Share your dilemmas and get honest opinions from other Mumsnetters.

We can’t help if it’s impossible to !!!

551 replies

Greyspiders · 10/12/2025 16:27

Today we have had a massive argument with MIL. She has uninvited us from visiting on Boxing Day due to what she describes as our selfish and cruel behaviour towards her.

Dh was miles away at a hospital appointment with oldest dc. I was at home and then picking up youngest dc from school. MIL phoned me in a panic saying she couldn’t get hold of her son-I explained hes at the hospital and probably can’t answer / no signal? She wanted immediate help to get to the emergency vet and wanted dh , she said she couldn’t even lift the dog (and also she doesn’t drive) and SIL was at work and she refused to disturb her. I said how sorry I was and could I help by sending her the taxi money ? She said it’s impossible to get a taxi that will take a sick dog and that she can’t carry him anyway so what use was that. She said she will keep trying dh and I need to as well as he needed to come straight back. She then said I should be doing things like appointments it’s ’not a mans job’ !!!
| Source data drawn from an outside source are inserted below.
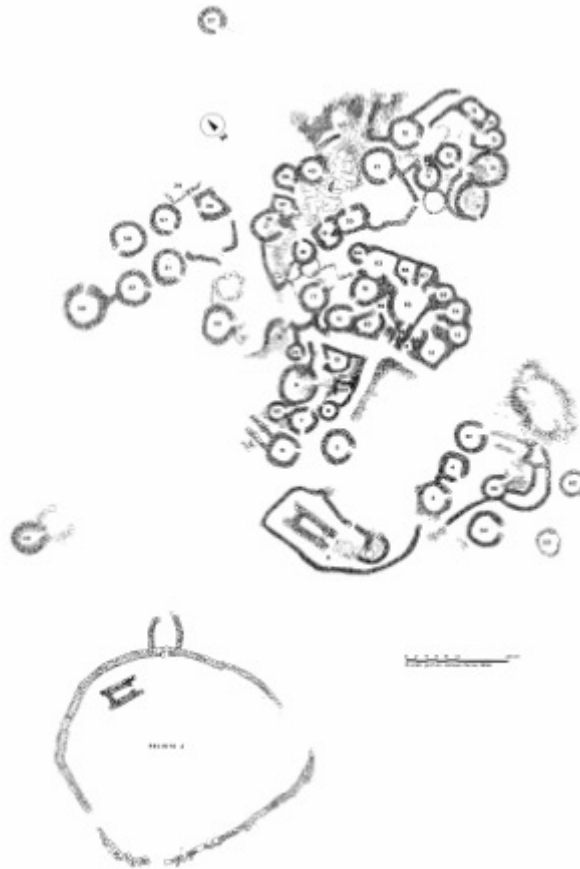
Fig. 2 - Planimetría del yacimiento de Serra Orrios, Dorgali (de MORAVETTI 1998, fig. 25, pág. 34).

Las cabañas de la aldea están divididas en seis áreas de varios ambientes, abiertas alrededor de un patio común, donde cuentan con sistemas de recogida de agua. Las estructuras residuales están caracterizadas por un perfil bastante irregular y fueron construidas con un zócalo formado por hileras de piedras en cuya parte inferior hubo una supuesta cubierta de paja. Además, se han hallado nichos en algunas paredes. Los suelos estaban formados por losas de piedra, eran empedrados o rústicos. En el centro de las cabañas, cerca de la entrada, solía haber un fogón excavado en el suelo con forma circular delimitado por piedras (fig. 3).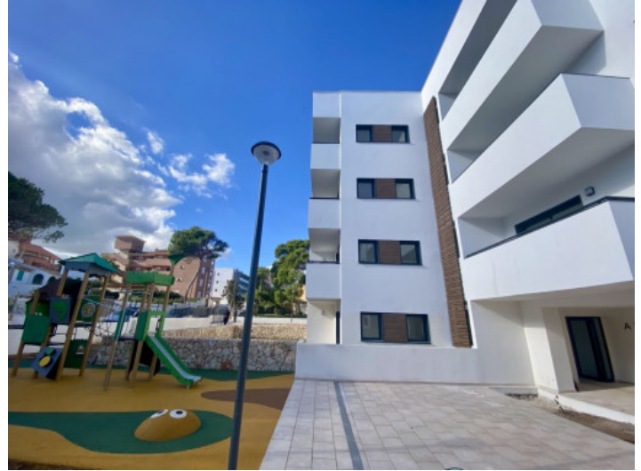
Fertigstellung Januar 2025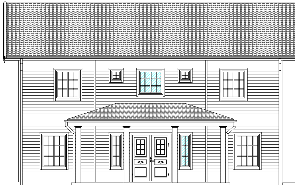
FASAD MOT SYDOST

Denna ritning tillhör Myresjöhus. Den får ej användas av tredje person. Överträdelse beivras.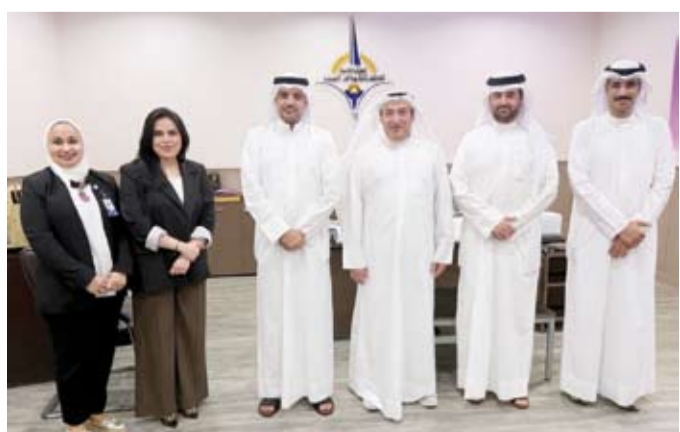
مدير إدارة الاعتماد الأكاديمي في «التطبيقي» مستقبلاً وفد أكاديمية سعد العبدالله

حيث أكد أهمية الاستفادة من تجربة الهيئة الرائدة في هذا المجال.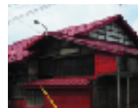
青森カラフルトタン

拝啓 時下ますますご清祥のこととお慶び申し上げます。思えば、当機構現会長である私が5月の連休に職場の先輩を「今話題の青森県立美術館、見にいきましょうよ～」とすっかり誘ったのが始まりでした。じつは美術館のオープンが7月…。それを知らずに青森に行った私が図らずも出会ったのが 雪国トタン屋根の美しさでありました。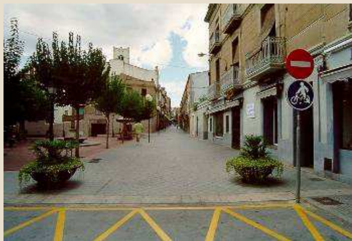
Carrers per vianants, zones 30,..

Nous plans de mobilitat sostenible, més carrers pels ciutadans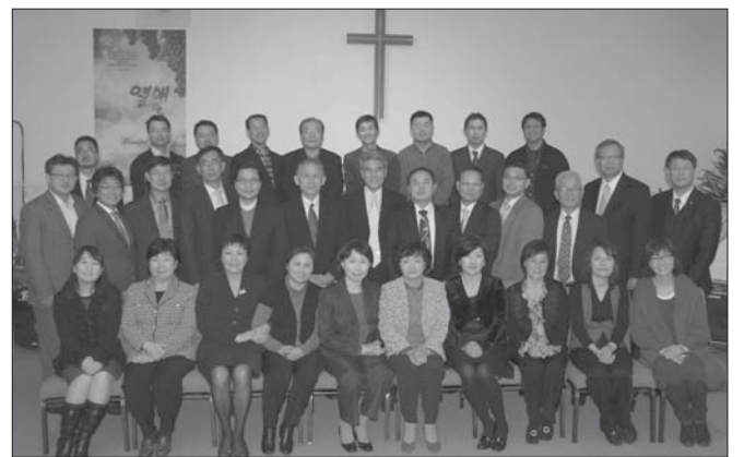
풀러신학대학원 한인 동문들이 모두 한 자리에 모여 신년을 맞이했다.

I asked was there not some kind of emergency vet that could visit and again said if cost was an issue we would help. She hung up on me. Dh then started messaging as said she was calling him and he couldn’t answer and had messaged her saying he will
call when out of hospital but she kept calling and did I know if she was ok.

She’s now said that I’m stopping her ever having support from her son ?? Which isn’t true as he does a lot for her . She messaged ‘don’t bother visiting on Boxing Day I’ve had enough of you’ .

AIBU as how can she have a go at us for not helping when we were not able to do what she needed ? If he had been here he would have !!

OP posts:
Nevertriedcaviar · 11/12/2025 14:51

She could have called a taxi and let them know she had a sick dog. Taxi firms usually oblige.

Isometimeswonder · 11/12/2025 14:51

I'm guessing MIL will change her mind just before Xmas and invite you... and then be all upset when you say you've made other plans now.

purplecorkheart · 11/12/2025 15:07

Honestly I know someone a bit like your mil. They are lovely 90% of the time but if something is going wrong in their life and they feel that they have to get the solution they want. Even if it is not possible. They behave in quite a nasty manner. In my experience they are getting worse and worse and I am distancing myself from them as much as possible.

Kubricklayer · 11/12/2025 15:09

MIL shouldn't have a pet if she can't respond correctly in an emergency.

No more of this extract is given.